Small RNA (sRNA) are polymeric RNA molecules that are less than 200 nucleotides in length, and are usually non-coding. RNA silencing is often a function of these molecules, with the most common and well-studied example being RNA interference (RNAi), in which endogenously expressed microRNA (miRNA) or exogenously derived small interfering RNA (siRNA) induces the degradation of complementary messenger RNA. Other classes of small RNA have been identified, including piwi-interacting RNA (piRNA) and its subspecies repeat associated small interfering RNA (rasiRNA). Small RNA "is unable to induce RNAi alone, and to accomplish the task it must form the core of the RNA–protein complex termed the RNA-induced silencing complex (RISC), specifically with Argonaute protein".

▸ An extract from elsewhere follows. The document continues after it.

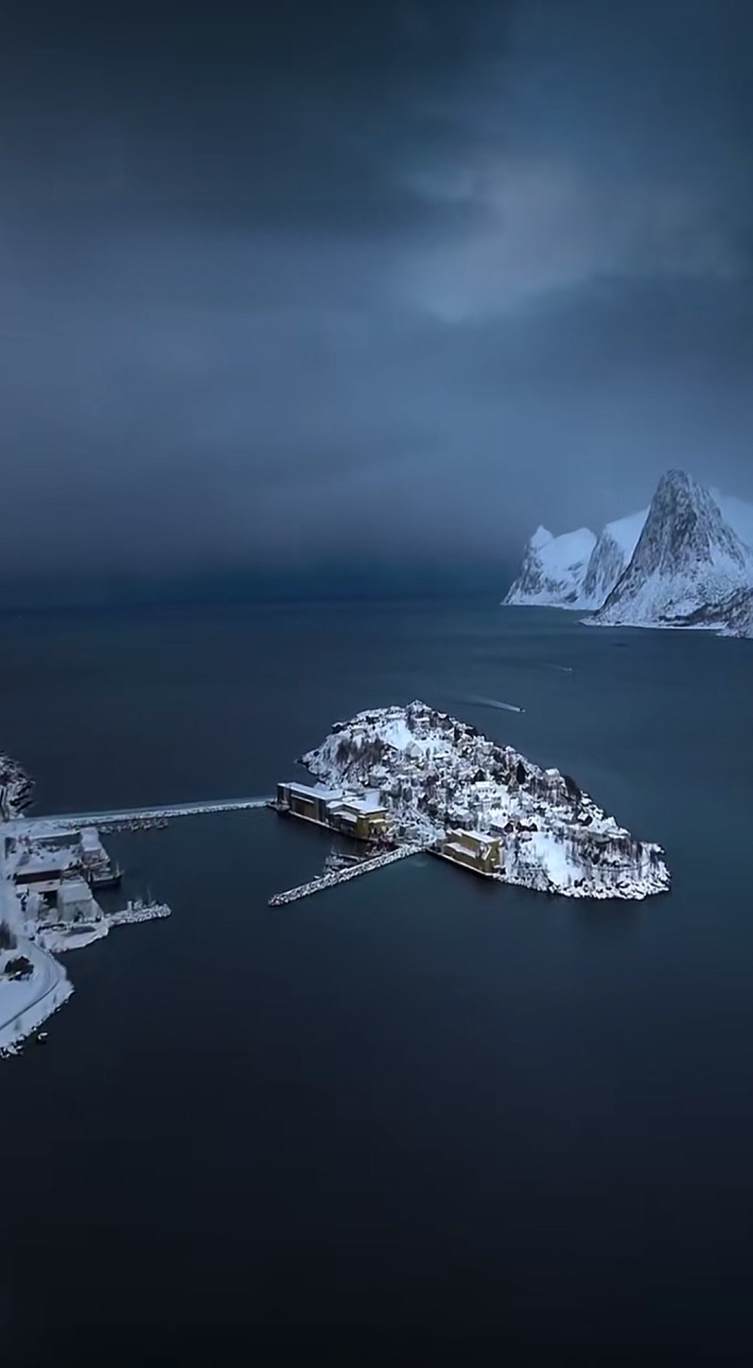 2. 피오르와 산맥의 조화: 솜마뢰이는 본토와 다리로 연결된 크발뢰위(Kvaløya, 고래 섬) 섬 옆에 자리 잡고 있으며, 주변으로는 노르웨이의 상징인 **피오르(Fjord)**가 깊숙이 들어와 있습니다. 푸른 바다와 날카로운 산봉우리가 어우러진 드라마틱한 풍경은 트롬쇠에서 솜마뢰이로 향하는 길 자체가 하나의 장엄한 관광 코스가 되게 합니다. 서쪽으로는 센야(Senja) 섬의 푸른 산맥이 장엄한 배경을 형성합니다.

Small RNA have been detected or sequenced using a range of techniques, including directly by MicroRNA sequencing on several sequencing platforms, or indirectly through genome sequencing and analysis.  Identification of miRNAs has been evaluated in detecting human disease, such as breast cancer. Peripheral blood mononuclear cell (PBMC) miRNA expression has been studied as potential biomarker for different neurological disorders such as Parkinson's disease, Multiple sclerosis.  Evaluating small RNA is useful for certain kinds of study because its molecules "do not need to be fragmented prior to library preparation".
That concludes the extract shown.